Gold for August delivery lost $39.20, or 3.1%, to settle at $1,212.70 an ounce on the Comex division of the New York Mercantile Exchange.

However, in electronic trading in Asian trading hours, gold trades in the green territory. The metal’s price is up by 0.73%.

On Monday, Citigroup cut its economic growth forecasts for China, citing downside risks to growth from “policy missteps.” The brokerage cut China’s gross domestic product growth to 7.4% from 7.6% in 2013, and to 7.1% from 7.3% in 2014. The revised forecasts are based on a conservative assumption of global recovery, and therefore, “there can be upward surprises,” Citi added.

In addition, the International Monetary Fund may trim its global growth forecast once again this week, because of the situation in emerging countries, the IMF chief Christine Lagarde said during a conference in France on Sunday.
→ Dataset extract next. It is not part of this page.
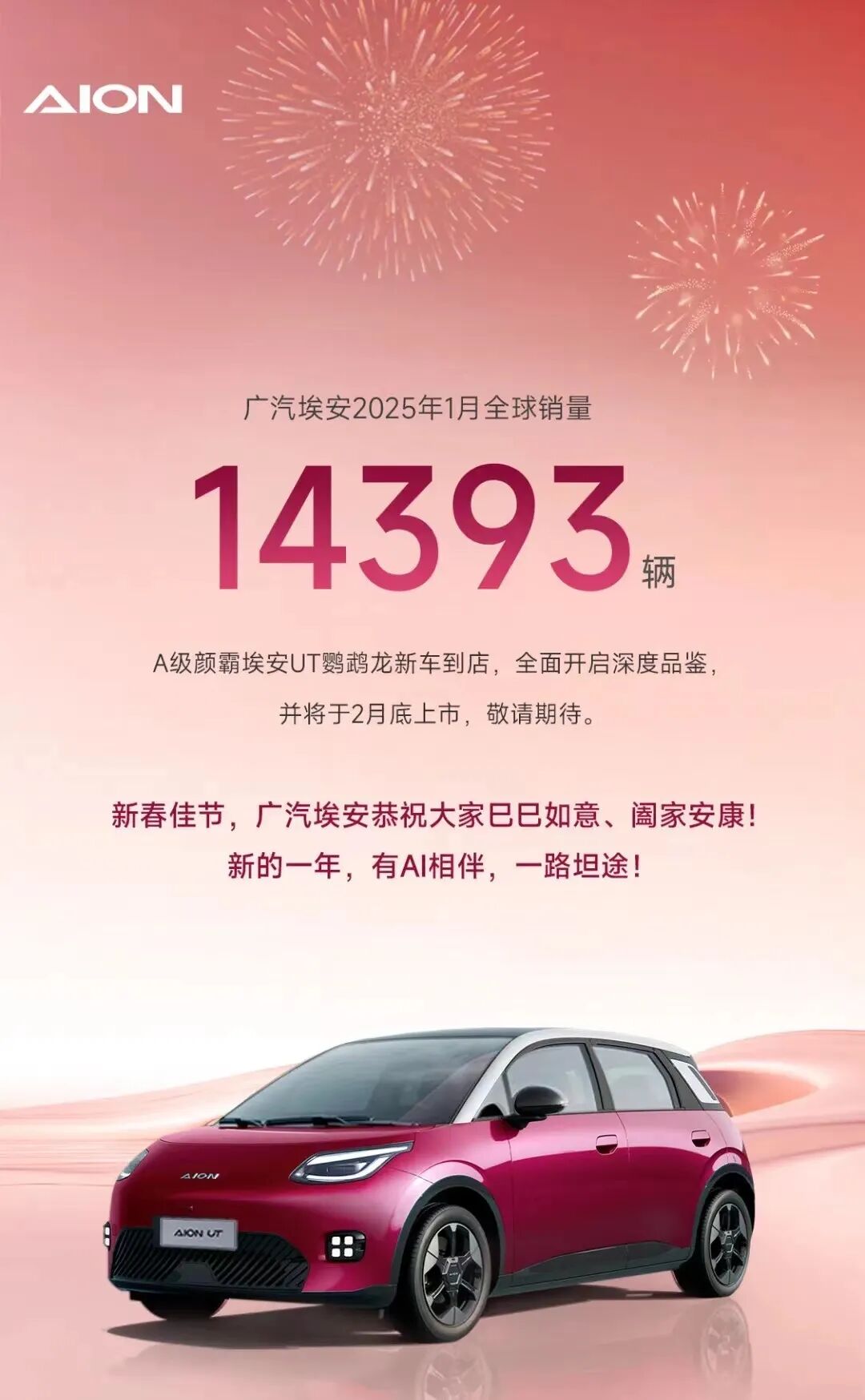 广汽埃安1月全球销量达到14393辆。同时,官方宣布埃安UT鹦鹉龙新车已到店,预计将于2月底正式上市。AION UT已于1月6日开启预售,推出三款车型,预售价区间为8.98万-10.98万元。

During the beginning week, gold traders are likely to monitor closely the ongoing conflict in Egypt and exchange-traded-fund flows. Concerns about when the Federal Reserve might scale back its quantitative-easing program continue to influence investors sentiment, although this is already an old news.
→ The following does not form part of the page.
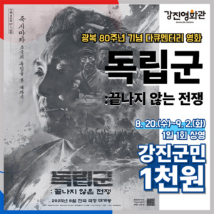 전라남도 강진군이 광복 80주년을 맞아 순국선열들의 희생과 독립 정신을 기리기 위한 다큐멘터리 영화 ‘독립군-끝나지 않은 전쟁’을 특별상영한다. 이번 상영은 20일부터 2주간 1일 1회씩 진행된다.강진군에 따르면, 영화 ‘독립군’은 일제강점기 암울한 시기에 조국 독립을 위해 목숨을 바친 독립군의 치열한 투쟁과 삶을 담아낸 작품으로, 역사적 사실과 감동적인 증언을 통해 관객들에게 큰 울림을 전한다.특히 이번 상영은 강진군민 누구나 1천 원에 관람할 수 있도록 마련돼, 광복의 의미를 되새기고 세대 간 공감과 소통의 장이 될 것으로 기대

Gold prices suffered since the middle of June when Fed Chairman Ben Bernanke suggested policymakers could start to taper their bond-buying program later this year if the economy continues to improve. Market analysts comment that notion was reinforced Friday when the U.S. jobs report for June was stronger than what markets had factored in. Gold fell as the dollar and Treasury yields rose.

Gold and silver were higher for the week until the Labor Department early Friday reported a stronger-than-forecast 195,000 rise in June non-farm payrolls, along with upward revisions for May and April. The market then turned negative, with the most-active August futures finishing the week with a loss of $11 to $1,212.70 an ounce on the Comex division of the New York Mercantile Exchange. September silver lost 73.4 cents for the week to $18.736.

Traders will keep monitoring data to analyze if in fact the economy, U.S. and global, does continue to pick up or instead will slow down. According to the U.S. economic calendar, weekly jobless claims are due on Thursday, while Producer Price Index and University of Michigan/Thomson Reuters report on consumer sentiment are scheduled for Friday.

During the starting week, the gold market also may start reacting more to the political crisis in Egypt. The country is not a major oil producer, but the market nevertheless tends to worry about whether crises in the MENA region will spread and disrupt shipments, such as through the Suez Canal. That is reflected in the price of oil right now.

Elsewhere, Asia-Europe spot container rates soar as carriers hard line the 1 July GRI against a background of weak market fundamentals.

In addition, market participants will also continue to monitor holdings of exchange-traded products backed by gold. Large outflows have occurred so far this year as investors exited positions, adding to the downdraft in gold.

Additionally, investors will remain on the lookout for any signs on whether physical demand picks up more strongly. Physical demand is slowly starting to pick up and gold is likely to hold about $1,250 short-term resistance.

ETF outflows have slowed during the early part of July, with 4.8 metric tons for the month so far. Still, physical demand for gold has not responded to the lower price environment with the same magnitude as seen in April. Volume traded on the Shanghai Gold Exchange remains elevated, but well below the levels set in April. Demand in India remains lackluster, with local traders reporting subdued interest in the usually slow period for demand. In the Arab world, Ramadan is expected to start in a day or two and investors and traders are mostly away from the markets well until before Eid Al Fitr.

In general, timing is not favorable for significant gold price movements.